La “Grande Taranto”: un’ idea geo-culturale – e socio-economica - in grado di sparigliare i giochi di nani e ballerine della politica locale. Una suggestione che faccia il paio con un eventuale processo di riforma istituzionale. Dal basso, bottom-up, come direbbero gli anglosassoni. In barba al Titolo V della Costituzione più bella del mondo, e ai pasticci da pluriripetenti arroganti, su di essa commessi dalla sinistra champagne e caviale nello scorso decennio. Se si vuole dare un senso compiuto alle prossime elezioni per la Provincia, ad enti di secondo livello svuotati della sovranità popolare, serve un colpo ad effetto, la passione insita in ogni ragionamento che non sia votato all’ordinarietà pelosa.
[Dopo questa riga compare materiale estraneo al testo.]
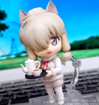 カフェでお茶をふるまうようなポーズが再現可能です。別売りの「ねんどろいど サーバル」「ねんどろいど かばん」で

Altrimenti fate come vi pare, calcolate i voti ponderati di questo o quel consigliere comunale, perdetevi pure in baruffe partitiche novecentesche al cospetto di società liquide tendenti sempre più al liquame. Non caverete, comunque, un ragno dal buco. Si sarà perso tempo, sciupata l’ennesima occasione capitataci a sorte. Serve a poco fare meglio di Tamburrano; operazione, questa, tutt’altro che proibitiva. Serve molto, invece, se si vuol cambiare senso di marcia al nostro incedere. Se si vuole recitare un ruolo di primo piano nelle dinamiche del futuro prossimo venturo. Taranto si porta dietro una tara storica, consustanziale alla sua stessa vicenda comunitaria: non è una piccola città, ma non è neanche una grande città. Vive, come tutte le mezze cose, nell’italica e sempiterna lotta tra guelfi e ghibellini, in un perenne limbo dell’identità negata. Condannata a restare sospesa tra la grandeur di un passato sempre più remoto e un presente dalle tinte ancora poco nitide. La “Grande Taranto” rompe questo schema di inerzia perpetua, rimescola il mazzo di carte delle politichese ammorbante, allarga i confini cittadini a tutti i comuni dell’area jonica. Rende, insomma, l’ex capitale della Magna Grecia una grande agglomerato urbano di 600 mila anime, avvicinandola a realtà come Genova, Marsiglia, Siviglia. Il tempo di andare da soli è finito. Quello del piccolo è bello, anche. La sfida è nel cosmopolitismo più che nel Piccolo-Grande-Salento. Taranto non è in Puglia, ma a Taranto per dirla con le parole di Cosimo Argentina. Una debolezza tramutata in forza rivelatrice. Adesso per domani. Adesso per sempre. Che è molto di più del prossimo 31 di ottobre.